Seven patients at Ronald Reagan UCLA Medical Center contracted a deadly superbug from an utterly routine medical procedure. Two have died. A third, an 18-year-old boy, fights on for his life after 83 days in the hospital, mostly in intensive care.
All this suffering was preventable. If the CDC and the FDA had alerted UCLA and other hospitals about medical equipment they knew was contaminated, patients would not have been put at risk. The agencies had already watched the same lethal problem unfold in Chicago, Seattle and elsewhere, but they swept it under the rug.
Imagine having a long flexible tube with a camera on the end threaded down your throat to treat gallstones, ulcers and the like, something half a million patients undergo every year. You assume it’s clean. But these reusable devices — a special type of endoscope — have a design flaw that prevents thorough cleaning. The result is that germs lurk inside the device. That’s what happened in L.A., where as many as 179 patients were exposed to a particularly deadly germ called carbapenem-resistant bacteria. The CDC nicknamed it “nightmare bacteria” because few if any antibiotics work against it, and close to half the patients who get it die.
UCLA didn’t start using the defectively designed scopes until June of 2014. That’s six months after the CDC knew that 91 patients in a suburban Chicago hospital had fallen victim to the same problem. The CDC responded to the Chicago outbreak with secrecy and inaction, doing nothing more than issuing a report in January of 2014 that conspicuously omitted the model number or manufacturer of the scope. At the time, I called the CDC to press them and was told it was the Pentax 3490 TX, information doctors and hospitals everywhere should have had. The report also referred to “hospital A” instead of naming the Chicago-area hospital and never mentioned that some infected patients died.
What did the CDC recommend in response to the Chicago outbreak? It lamely suggested that any other hospital experiencing an outbreak “should consider the possibility of endoscopic transmission.” That’s not prevention, just after-the-fact explanation. So hospitals are supposed to wait until after patients get sick and then look at their medical devices? That’s crazy.
The CDC also stifled news about an outbreak in Seattle, where 32 patients at Virginia Mason Medical Center contracted the same superbug from similarly contaminated scopes from 2012 to 2014. There, 11 patients died.
Just as troubling, the FDA — supposedly responsible for the safety of medical equipment — stayed mute as these outbreaks popped up across the country. For three years, that agency has been sitting on at least 75 reports of patients endangered by these contaminated devices.
Finally, this January the FDA made the underwhelming announcement that the problem is “on the agency’s priority list for guidance documents we intend to publish in 2015.” It noted that “effective cleaning of all areas” of these devices “may not be possible.” Too little too late for the victims in L.A. and elsewhere.
The agency now says it’s working with the three manufacturers — disclosed as Pentax, Olympus and FujiFilm — on a solution. In the meantime, it issued a stunning statement that the benefits of the procedure outweigh the risks of infection. Really? That should be for patients and their doctors to decide. The FDA had an obligation to inform them of the risk. It failed big time. Our FDA and CDC bureaucrats have a lot of explaining to do to the families grieving in L.A. right now.

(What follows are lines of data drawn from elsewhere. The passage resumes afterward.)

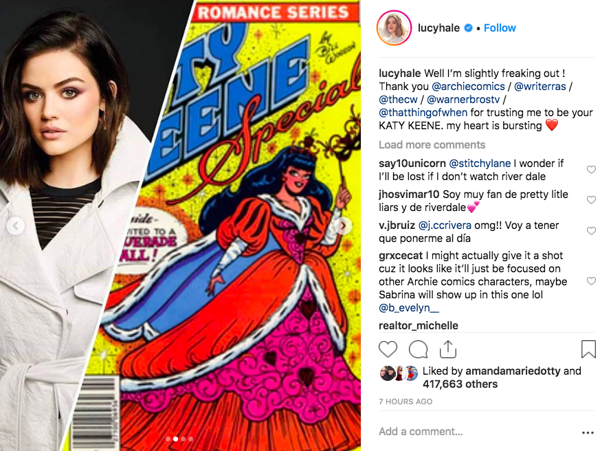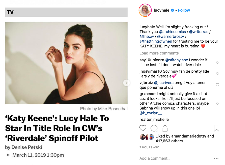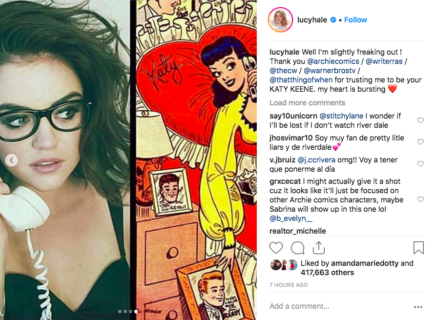 Lucy Hale Cast In Riverdale Spinoff as Katy Keene.
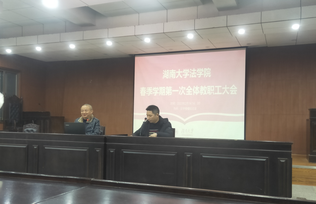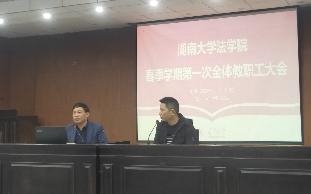 2023年2月14日,新学期第一次教职工大会在模拟法庭召开。黎四奇经理、易骆之书记及各位院领导向全院老师致以新春祝福,并对新学期各方面工作做了部署。
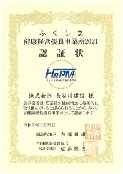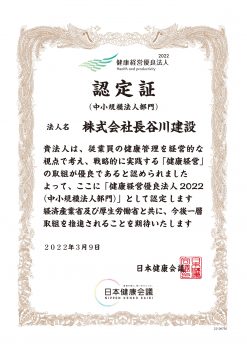 一、社員皆の心と体が健康で、安心して仕事が出来る企業を目指します。
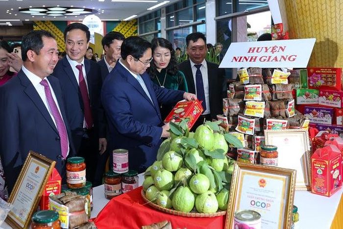 Thủ tướng tham quan gian hàng với các sản phẩm nông nghiệp đặc trưng, sản phẩm OCOP của tỉnh Hải Dương - Ảnh: VGP/Nhật Bắc
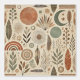 This boho-style wallpaper features a soothing palette of earthy tones, including terracotta, beige, and olive green. Hand-drawn elements such as sunbursts, crescent moons, feathers, arrows, and leafy botanical motifs create a calming and artistic vibe. With a subtle textured background reminiscent of natural fibres, this design is perfect for bohemian-inspired interiors seeking a cozy and free-spirited aesthetic.

Superbugs are making it increasingly dangerous to go to a hospital. The New York area has been the epicenter for this carbapenem-resistant “nightmare bacteria” for over a decade. Hospitals here are plagued with it. That’s bad enough, but when government health agencies dawdle and obfuscate, the risks to patients increase. We’ve seen it at the Veterans Administration, and now we’re seeing the same pattern of deception and bureaucratic dysfunction at the CDC and the FDA. Like at the V.A., heads should roll to excise the rot.
Betsy McCaughey is a senior fellow at the London Center for Policy Research and author of “Beating Obamacare 2014.”